PROBLEM TO WORK ON
Reproduce exactly, with no pictures, each line from the opening of the material down through the line containing "- [プラン設定の編集]画面".

RECORDED DATA
****************************************

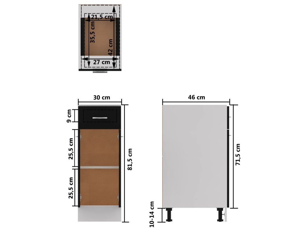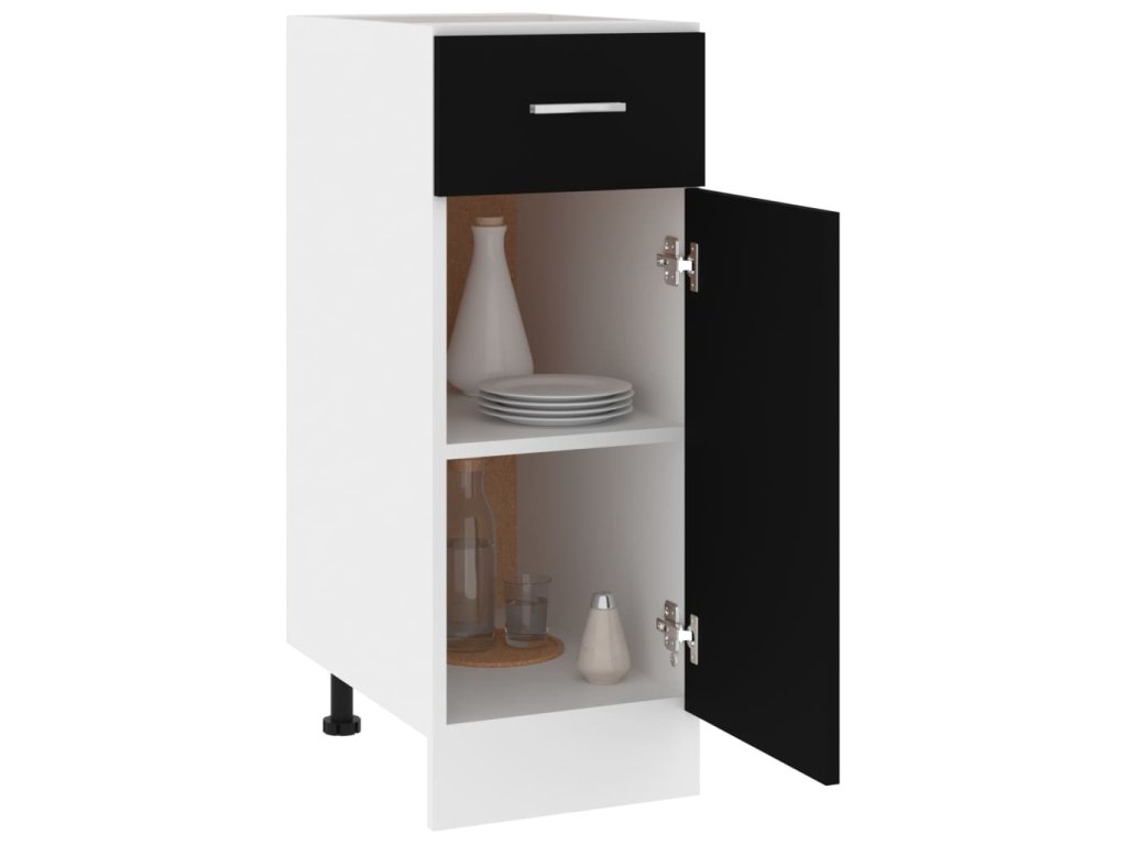 Úložná skříňka je praktická a odolná a pomůže vám udržet si v kuchyni pořádek. Dvě police a jedna zásuvka nabízí dostatek místa k ukládání misek, talířů, hrnců a dalších kuchyňských potřeb. Poličky chrání zvenku jedny dvířka, aby se schované předměty neušpinily. Skříňku lze snadno očistit navlhčeným hadříkem.
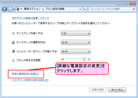 - [プラン設定の編集]画面が表示されるので、[詳細な電源設定の変更]をクリックします。
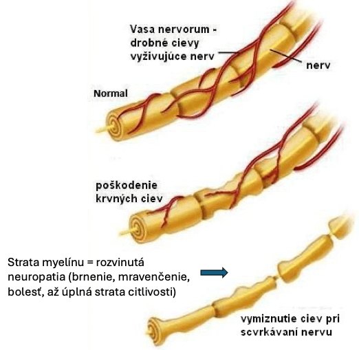 Názorné zobrazenie postupnej straty myelínového obalu nervu dlhodobým pôsobením zvýšenej hladiny cukru v krvi a vzniku polyneuropatie
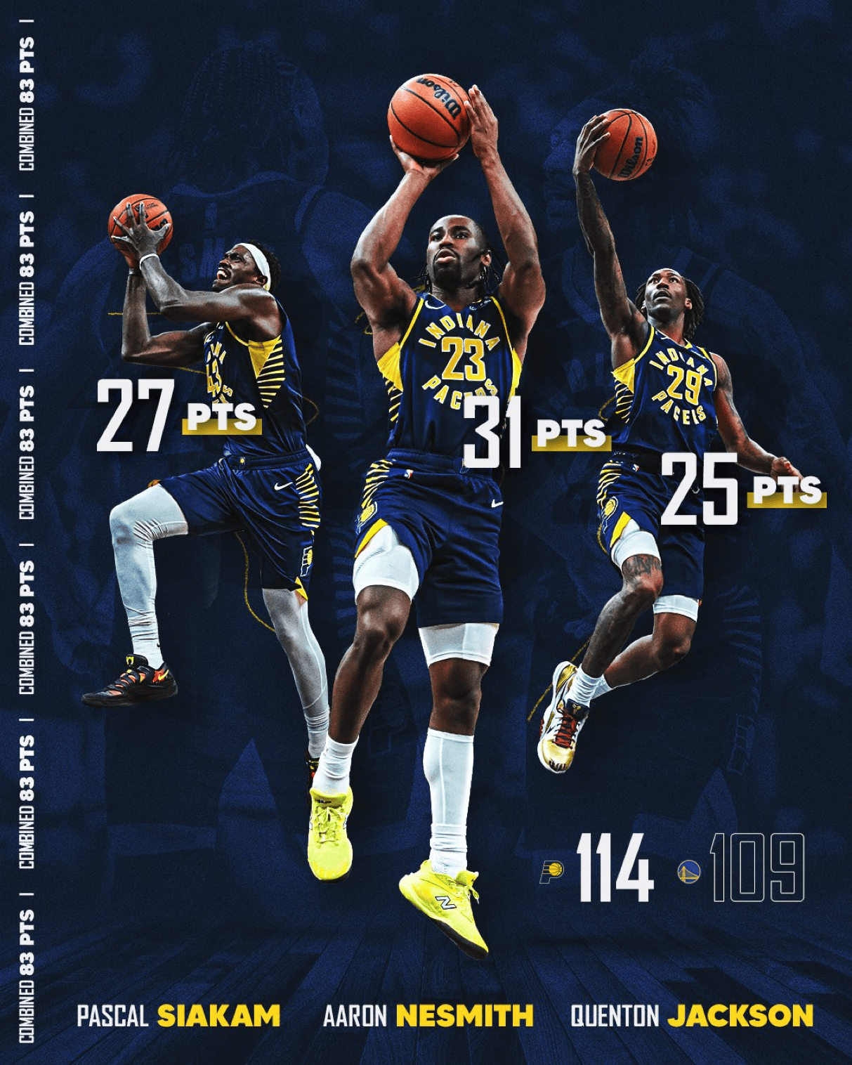 “三重威胁!阿伦-内史密斯、帕斯卡尔-西亚卡姆和昆顿-杰克逊在战胜勇士的比赛中合砍83分。”

****************************************

RESULT OF THE EXERCISE
 Úložná skříňka je praktická a odolná a pomůže vám udržet si v kuchyni pořádek. Dvě police a jedna zásuvka nabízí dostatek místa k ukládání misek, talířů, hrnců a dalších kuchyňských potřeb. Poličky chrání zvenku jedny dvířka, aby se schované předměty neušpinily. Skříňku lze snadno očistit navlhčeným hadříkem.
 - [プラン設定の編集]画面が表示されるので、[詳細な電源設定の変更]をクリックします。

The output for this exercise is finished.